1. Where a default judgment was entered in New Jersey under its long arm statute against a Georgia corporation, and jurisdiction of the New Jersey court was neither alleged nor proved in that case, the issue may be raised in Georgia in defense of an action on the judgment in a Georgia court.
2. The only limit to New Jersey extraterritorial jurisdiction, under its statute permitting such service, is that it measure up to federal due process requirements. The interpretations of the United States Supreme Court are controlling, and those of the federal courts entitled to persuasive consideration.
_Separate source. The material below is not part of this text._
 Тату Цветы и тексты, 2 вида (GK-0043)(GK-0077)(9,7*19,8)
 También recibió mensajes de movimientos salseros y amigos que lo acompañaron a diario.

3. Where the cause of action, an action on account, arose out of contracts to be performed in New Jersey, and where an agent of the Georgia corporation on at least two occasions visited the New Jersey plant to work out sources of materials, to work out arrangements for payment of delinquent bills, and entered into a modifying agreement for payment on future orders, there were sufficient minimal contacts between the defendant and the forum state to justify the exercise of New Jersey's statutory extraterritorial personal service of process, so that Georgia courts are required to give full faith and credit to the New Jersey judgment.
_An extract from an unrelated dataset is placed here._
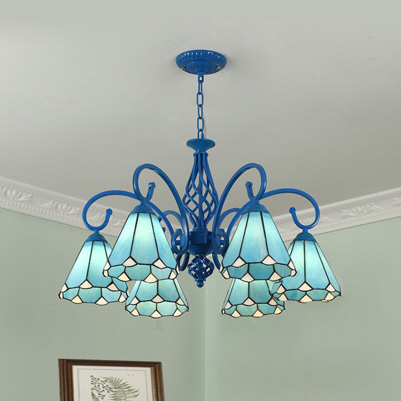 地中海风格蓝色吊灯 大气创意田园客厅餐厅卧室灯蒂凡尼灯饰灯具

During 1972, 1973 and through April, 1974, Process Systems, Inc., a New Jersey corporation, sold a manufactured plastic product used in packaging to Dixie Packaging Company, a Georgia corporation. On failure to pay it brought an action under the New Jersey long arm procedure, serving the defendant by mail and also by personal service on its president in Georgia via the DeKalb County Sheriffs Office. A default judgment was obtained. Thereafter the present action, a suit on the judgment, was brought in the Superior Court of DeKalb County. After trial before the court without a jury, judgment was rendered in favor of the defendant, and plaintiff appeals.
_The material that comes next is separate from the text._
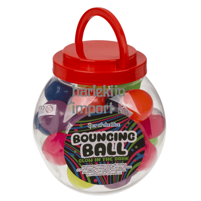DSP stuiterballen 4,5 cm. glow in the dark. 30 stuks in display. 6 assortie.
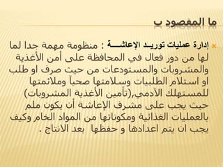 تتحدث الوثيقة عن أهمية إدارة وتوريد عمليات الإعاشة في منشآت الطعام، مع التركيز على تأمين سلامة وسلامة المواد الغذائية. تناقش الوثيقة أيضًا المتطلبات الأساسية لتجهيز المنازل والمكاتب، بالإضافة إلى المعايير الصحية الضرورية لضمان الجودة في خدمات الطعام المقدمة.

1. No evidence was taken in the New Jersey suit and there are no jurisdictional statements in the complaint. Affidavits attached to the record establish that the procedural aspects of New Jersey's Rule 4:4-4 were complied with, subdivision (c) (1) providing that "if the corporation is a foreign corporation, then, consistent with due process of law, service may be made by mailing," etc. (Emphasis supplied.) Subdivision (3) provides for personal service outside the state. The New Jersey rule, which has the force of law, is accordingly limited only by due process requirements. This jurisdictional issue may be litigated in Georgia in a suit on the judgment in the courts of this state, without offending against the full faith and credit clause of the Federal Constitution. Western Life Indem. Co. v. Rupp, 235 U. S. 261. The issue of the jurisdiction of New Jersey over the defendant, which was neither alleged nor proved in the New Jersey suit culminating in a default judgment, may properly be raised by the defendant in Georgia in a suit on that judgment.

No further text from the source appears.